Now your brain is cornered. It wants to be uncooperative, but since you’ve asked it to hate your music, it can only like it. Inevitably your brain will say “well, that wasn’t too bad.” And you’ll say “boo yah” and you’re off to the races. As you tinker with your mediocre idea you’ll gradually fall in love with it.

Just remember you can’t begin this process until you’ve settled on something long enough to let your imagination pour over it. And to do that, you have to give yourself permission to suck. And that’s all there is to it. “What’s the secret of writing great music?” you ask. Write terrible music instead.

A Rambling Post On Influence

When I reflect on my influences, I don’t think it’s just that I imitate things I like, even though that’s a huge part of it. Oftentimes, there are things that I feel the need to react to, even if the reactions don’t sound anything at all like the influence, or are even reacting against it.

In my view, an influence is something I am drawn to time and time again which shapes the way I perceive my own work. The process of studying influence isn’t always about copying the sound of another artist, but sometimes can be about trying to understand which elements of the artist’s work are changing the way I value my own. If this means aping somebody else, so be it. But sometimes the study of influence means readjusting the way my own tendencies compliment one another. It’s sort of like saying “Wow, I love how well this composer’s tendency A and tendency B work together. Wouldn’t it be great if I had the same synergy between my tendency C and tendency D!”

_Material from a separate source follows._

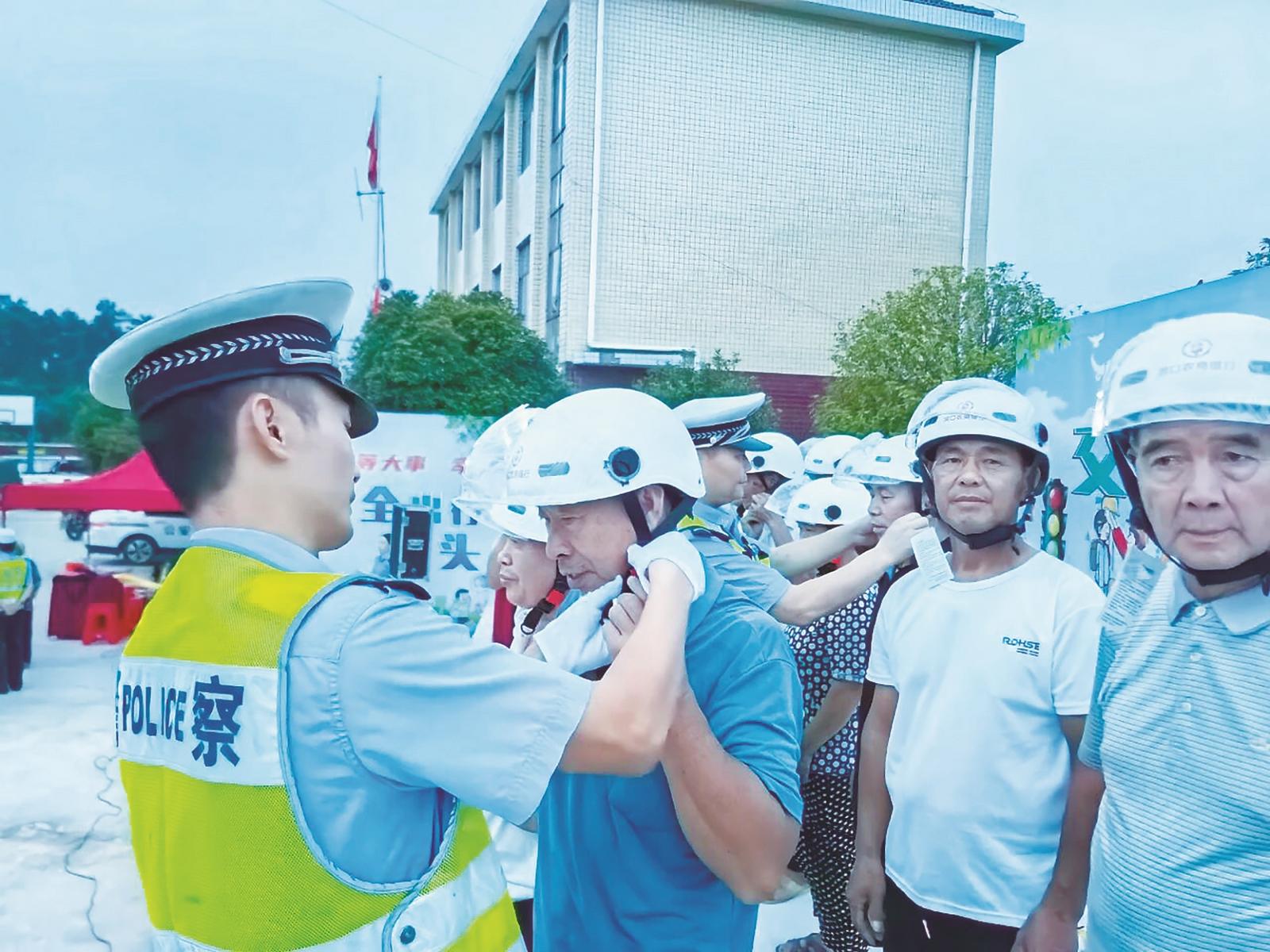 9月18日,洞口交警走进花园镇新兴村,开展“头等大事 幸‘盔’有你”交通安全宣传活动。图为民警向驾乘人员现场演示安全头盔的正确佩戴方法。 艾哲 雷铖 袁斌 摄影报道

For example, when I got into Arvo Pärt, it would have been far too easy to write a bunch Tintinnabuli compositions and say “Look, I’ve been influenced!” For me it was understanding that the simplicity of the Pärt’s Tintinnabuli technique matches the simplicity of his melodic construction in a way that’s highly personal to him. And it also had something to do with the power of oblique motion, the idea that any line at any moment can rest on a single pitch and through inaction color all the lines around it.

But the most important thing to realize is that the diatonic scale and the diatonic triad hold some kind of deep, personal meaning for Arvo Pärt. So then the question becomes, what sonorities have that kind of resonance with me? And that brings me into the world of Webern and the world of Bartók, because the sonorities which they tend to favor capture my imagination in a profound way. And being aware of the power of oblique motion ended up being the key to understanding Bartók’s use of harmony in a piece like “Music for Strings, Percussion, and Celeste.” So in a way Arvo Pärt’s simplicity helped me understand Béla Bartók’s complexity. Actually, it helped me find the simplicity within Béla Bartók’s apparent complexity.

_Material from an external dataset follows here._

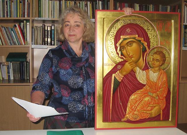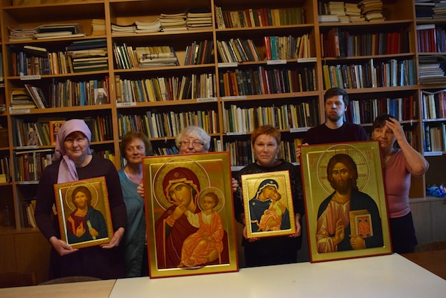 8 июня в библиотеке Введено-Пантелеимоновского прихода состоялась встреча с висагинской художницей-иконописцем Ольгой Кириченко в рамках серии историко-просветительских бесед. Возникновение первых художественных образов на евангельские сюжеты, катакомбная живопись, ранне-византийская мозаика, синайские иконы - темы рассказа-лекции Ольги по истории иконописного искусства. Художница представила свои новые работы: икону Виленских мучеников Антония, Иоанна и Евстафия, иконы Спасителя и Божией Матери, выполненные в византийском стиле и ответила на вопросы прихожан.

And to top it off, I noticed that both Bartók and Pärt have a very similar approach to the way they assign function to contrapuntal strands. Whereas Pärt is more explicit about the segregation of roles between the melodic lines and the harmonic Tintinnabuli lines, Bartók’s lines would change roles as a passage unfolds. But the principle was the same. At any given moment, there were foreground lines attracting the attention of the listener, and background lines connecting the registral gaps in between the foreground lines, and generating beautiful sonorities in the process. And with both composers, the harmonic orientation comes from the way the individuals lines unfold through registral space over time. And that brought me to the real lesson, which is that any sonority can sound utterly gorgeous if you can make sense of the melodies that brought it into being.

And then I do some reading, and some studying, and some listening, and realize it all comes back to Pérotin anyway, and the Western world has been in pitiful decline since 1250 or thereabouts. So thank God for Africa, but that’s a post for another day.

When Systems Are Bad

Be wary of any urge to achieve of intellectual, conceptual, mathematical symmetry. It does not work! Follow the sound instead. The urge to systematize comes from a fear of decision making. Do not abdicate responsibility. Embrace the struggle and pour yourself into your work.